Cette semaine, en réponse à l’appel à écriture lancé par Hélène Massip nous avons choisi de publier deux textes, pleins d’humour, en écho au livre de Serge Joncour « L’Ecrivain National » (Flammarion, 2014), à découvrir ici.
Voici le second texte, de Viviane Clément l
Hanna
Mon père devait aller chercher Hanna à la gare mais c’est un taxi qui l’a déposée devant la maison. Elle arrivait de Suède et, même après un long voyage, elle était très élégante. Elle portait un tailleur en lin beige sur un joli chemisier fleuri. Chez nous, il n’y avait ni portail ni clôture et elle s’est avancée dans l’allée boueuse en tirant sa valise, qui sautillait sur les mottes de terre. Elle a dit simplement avec un très joli accent : bonjour, je suis Hanna. Ces quelques mots ont déclenché un concert d’aboiements et nos deux gros chiens se sont précipités sur la nouvelle venue, tout joyeux et en quête de caresses. Malgré les hurlements de ma mère, ils ont laissé de grosses traces noires sur la jupe d’Hanna et de la bave sur ses chaussures. Mon petit frère est arrivé en rigolant, repoussant les chiens de son bras plâtré. Je crois que cette année-là, il était tombé de l’échafaudage. C’était un adorable casse-cou. J’éprouvai alors un élan de sympathie pour Hanna, qui serait chargée de sa surveillance. Mon père est descendu du toit où il changeait quelques tuiles et s’est avancé la main tendue. Mais comme celle-ci était aussi poussiéreuse que sa moustache, il la remit vivement dans sa poche. Après avoir enfermé les chiens dans leur enclos, ma mère s’est approchée à son tour. Elle avait négligemment noué ses cheveux roux dans un foulard pour jardiner. Ses genoux et ses mains étaient noirs de terre. Elle portait un grand tee-shirt publicitaire où on pouvait lire sur la poitrine « Mangez du saucisson comme ma grand-mère » et au dos « Vous deviendrez centenaire ». Hanna restait calme et réservée, son comportement reflétait sans doute sa bonne éducation. Ma sœur nous rejoignit après avoir libéré les chiens car elle ne supportait pas de les voir enfermer.
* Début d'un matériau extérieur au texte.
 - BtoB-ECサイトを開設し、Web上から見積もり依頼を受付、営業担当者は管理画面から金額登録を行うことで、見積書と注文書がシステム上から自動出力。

Je compris à son regard qu’elle pensait comme moi : Hanna, tirée à quatre épingles, ne ressemblait en rien à Dolo, la jeune espagnole de l’été dernier, qui montait les poneys à cru, nous réveillait à quatre heures du matin pour pétrir la pâte et cuire le pain et m’avait aidé à repeindre ma chambre de dessins psychédéliques, qui maintenant participaient à mes cauchemars.
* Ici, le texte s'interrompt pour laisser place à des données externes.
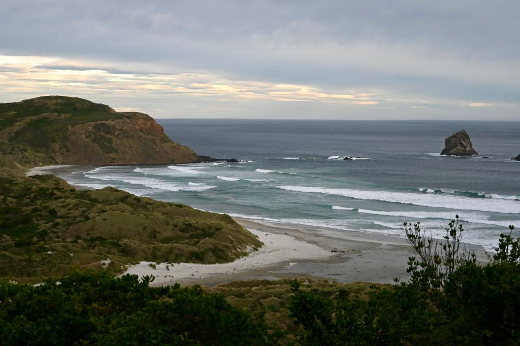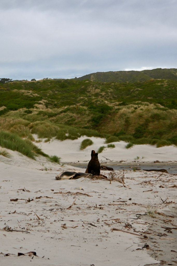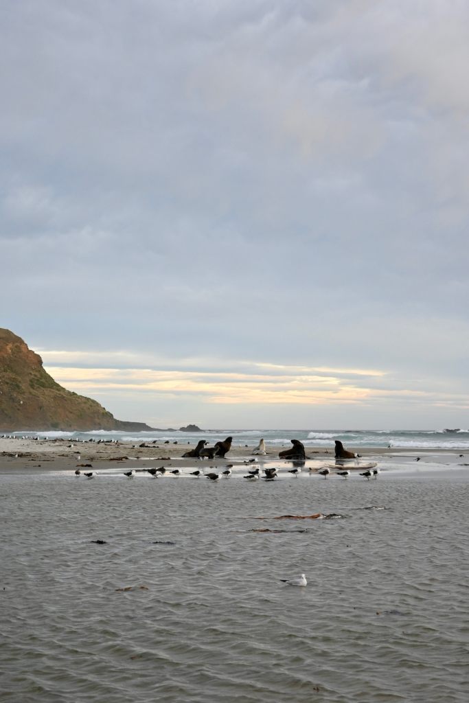 Y ahí es donde nos dirigimos después, gracias a que ha dejado de llover, a la Península de Otago, para tratar de ver leones marinos y pingüinos por nuestra cuenta, sin tener que pagar los desorbitados precios de los cruceros de una hora que parten desde algunos puntos de esta haciendo un tipo de turismo que si podemos preferimos evitar. Con este fin, un par de horas antes de caer la noche vamos a la playa de Sandfly, un lugar increíble donde tras aparcar el coche, hay que bajar una cuesta muy pronunciada entre las dunas (que después cuesta más subir).

Le petit groupe s’avança dans la maison et mon petit frère semblait prodigieusement intéressé par les chaussures d’Hanna, dont les talons étaient couverts d’une boue épaisse joliment ornée de brins d’herbe. On ouvrit la porte de la chambre qui lui était destinée. Hanna remercia poliment. Elle parlait un français impeccable et sa diction était parfaite. Je me demandais quelle serait sa réaction si elle découvrait les deux molosses baveux allongés sur son lit battant mollement de la queue sans aucune velléité de fuite. Soudain une forte bourrasque secoua les rideaux et la barre qui les retenait se fracassa sur le parquet. Les chiens se précipitèrent dans la chambre, renversant la valise et piétinant allègrement le sac à main d’Hanna. Mon petit frère imitait Tarzan en poussant des cris et rebondissait sur le lit en gesticulant comme un singe. A cet instant tous, y compris Hanna, nous avons pensé que nos futures vacances seraient détestables. Et bien, nous avions tort.